◆ **Your goal**:
Make an exact copy of the lines from the top of the entries below through the line with "Künstler-AK Emil Czech: Wien". Leave all pictures out.

(Data extracted from a collection)
———

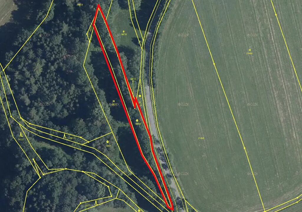 Lesní porost na nelesním pozemku, neplatí přísné předpisy pro les, možno částečně těžit.
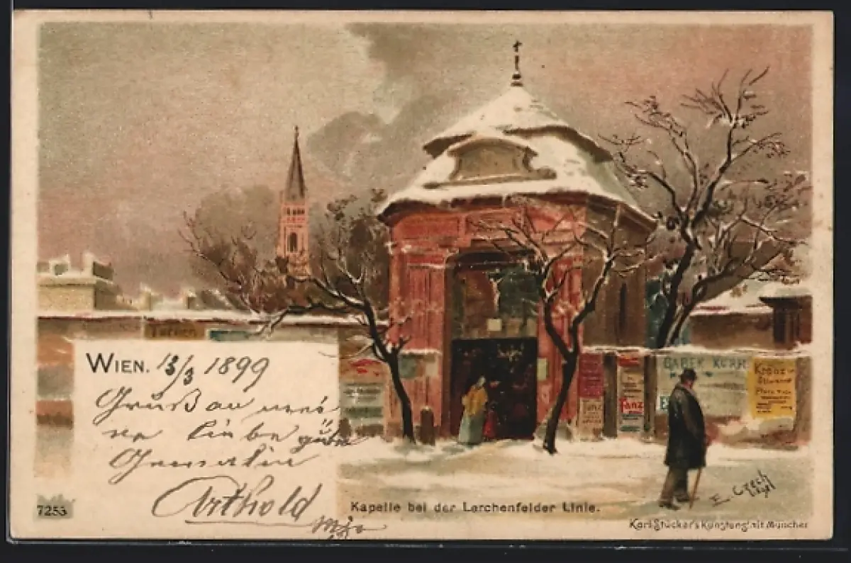Künstler-AK Emil Czech: Wien VIII, Kapelle bei der Lerchenfelder Linie, Leute
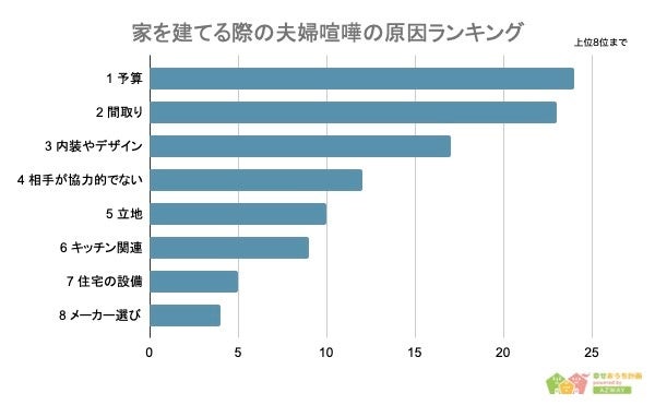 続いて「夫婦喧嘩の原因は何か」について聞いたところ、1位が「予算(24人)」、2位が「間取り(23人)」、3位が「内装やデザイン(17人)」という結果になりました。「予算」で喧嘩をした人たちは、予算ギリギリまで使うか、補修など今後のために余裕を残しておくかで揉めたという意見が見られました。
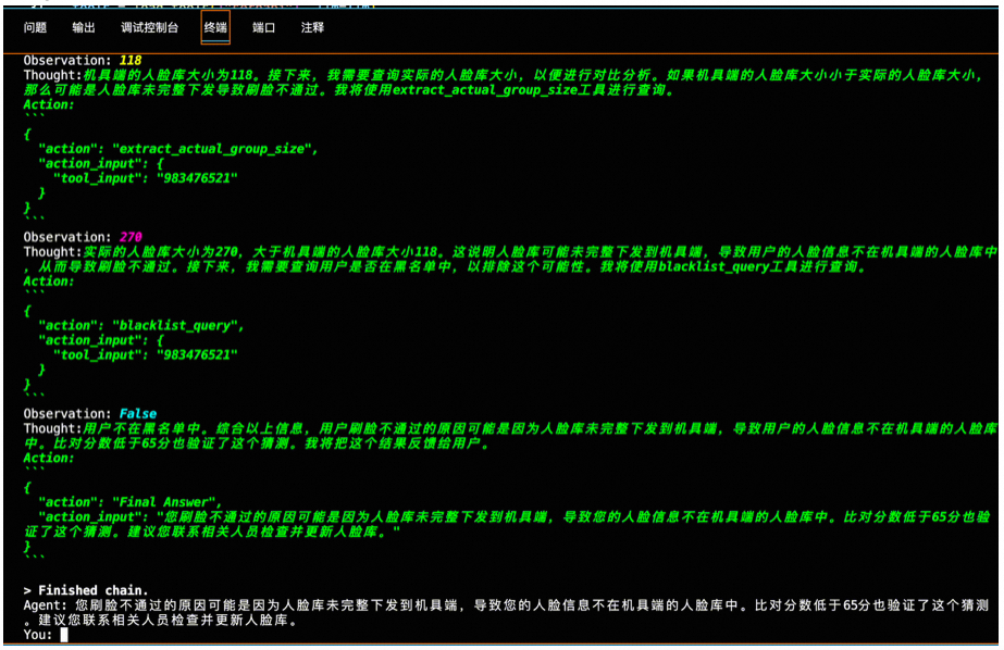 随着人脸识别服务的线上线下日调用量和应用场景快速发展,人脸识别团队正在面临一个巨大的挑战,每天反馈到团队的各种识别问题的case过多,排查起来费时费力,为了快速诊断问题,团队决定使用LangChain来构建一个智能排查助手。这个助手可以分析用户问题,错误日志,与人脸识别的APIs进行交互,甚至生成修复建议。
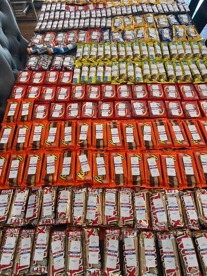 One street end had a whole set up with fire pits, kids got three big treat bags and then they even had hot dogs grilling.
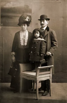 Lady (on the left), child (standing, on a chair), gentleman (on the right), this is aunt Peppi, my aunt, one of my father's sisters with her husband and child.
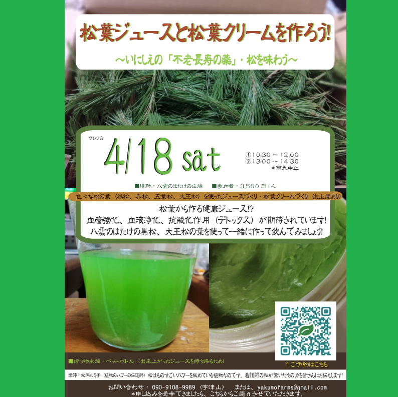 イベントは、松葉ジュースと松葉クリームを作ろう! です。
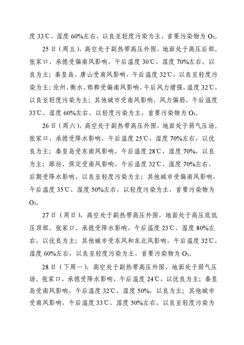 河北省空气质量预测报告(周报)2025年第30周
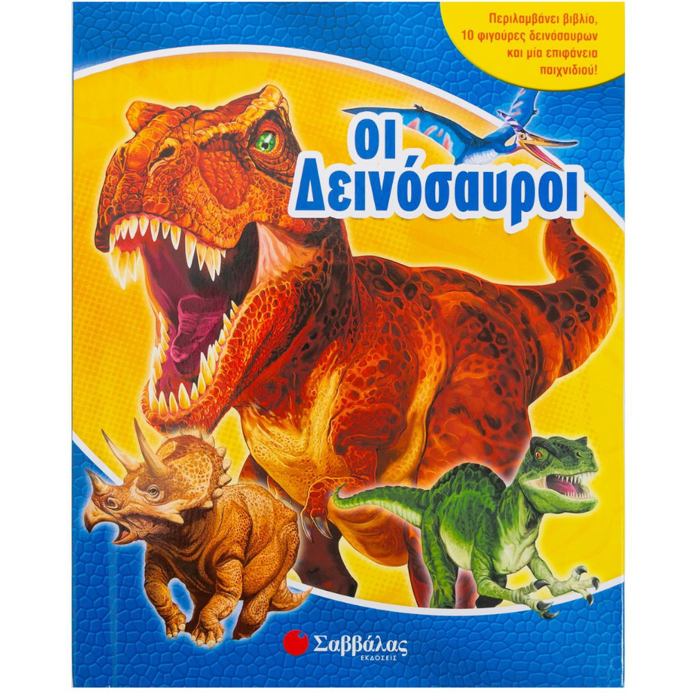 Περιλαμβάνει βιβλίο, 10 φιγούρες δεινόσαυρων και μία επιφάνεια παιχνιδιού
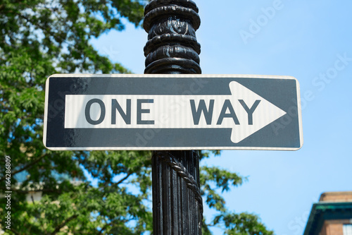 © andersphoto, Fototapeta premium One way street sign in New York with green tree branches and blue sky
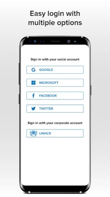 The app is easy to use thanks to its user-friendly interface. It can be used with or without an internet connection. To use the app, you must sign-in with your social network account, private email or UNHCR corporate email. The verification requires that you have an ID document at hand to be able to scan its QR code.
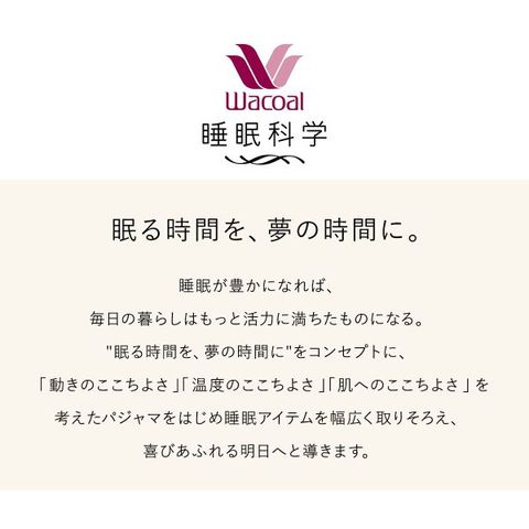 「動きのここちよさ」「温度のここちよさ」「肌へのここちよさ」を考えたパジャマをはじめ睡眠アイテムを幅広くそろえ、喜びあふれる明日へと導きます。
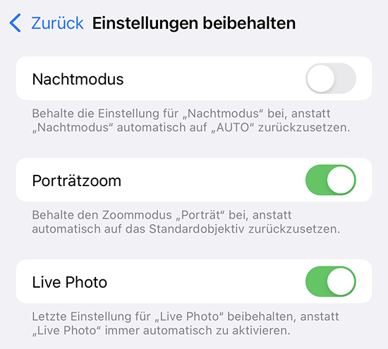Neue Einstellung unter iOS 15 deaktiviert auf Wunsch dauerhaft den Nachtmodus der Kamera
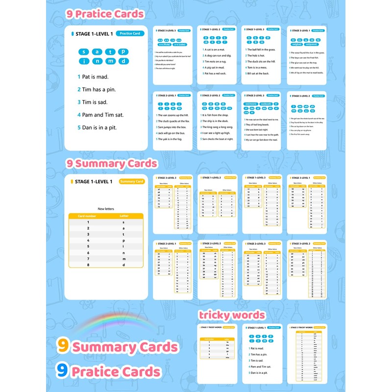 - [ Summary Cards & Practice Cards ] – Summary cards with an overview of the letters and letter combinations that feature within that level are included for each level. A practice card with 5 example sentences applying the words kids gained in each level is provided as well to improve the reading skills.
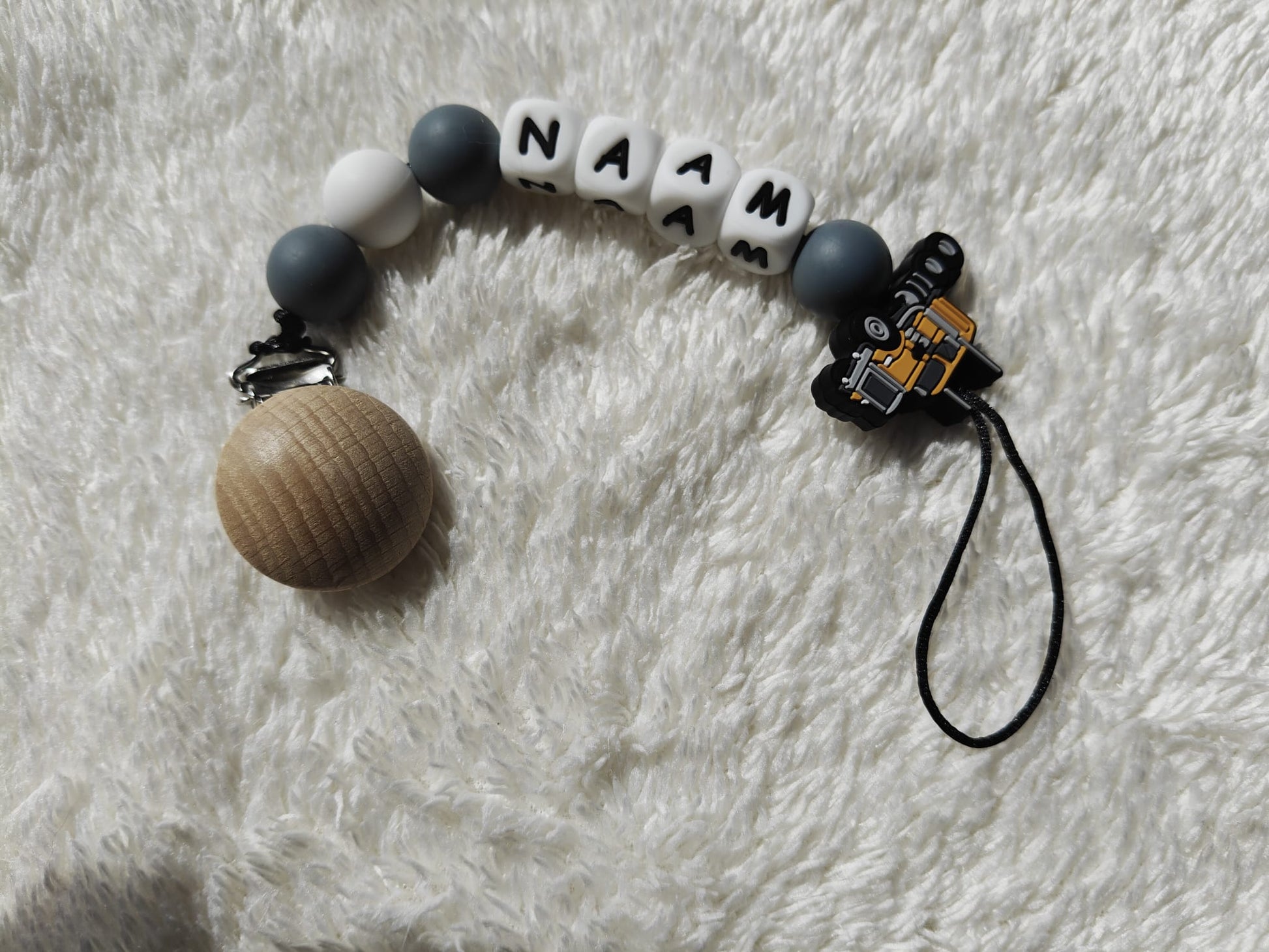 Dit persoonlijke speenkoord met naam is ideaal voor jouw kleintje. Voorzien van stoere grijs-witte kralen en een opvallende vrachtwagen, maakt dit speenkoord niet alleen handig maar ook uniek. De houten clip is eenvoudig vast te maken aan kleding, zodat het speentje niet kwijtraakt.
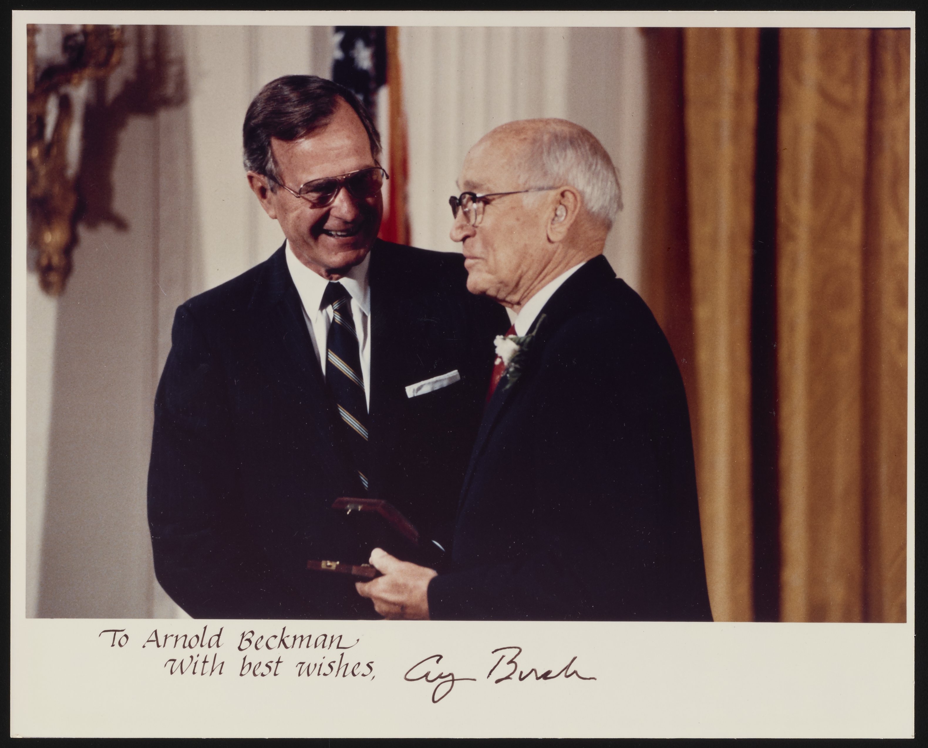 Full-sized JPG1130 x 1287px — 343 KBOriginal fileTIFF — 1130 x 1287px — 4.2 MBArnold O. Beckman at the White House with President George H. W. Bush, receiving the National Medal of Science "for his leadership in the development of analytical instrumentation, and for his deep and abiding concern for the vitality of the Nation's scientific enterprise."

———

◆ **Solution to the problem**:
 Lesní porost na nelesním pozemku, neplatí přísné předpisy pro les, možno částečně těžit.
Künstler-AK Emil Czech: Wien VIII, Kapelle bei der Lerchenfelder Linie, Leute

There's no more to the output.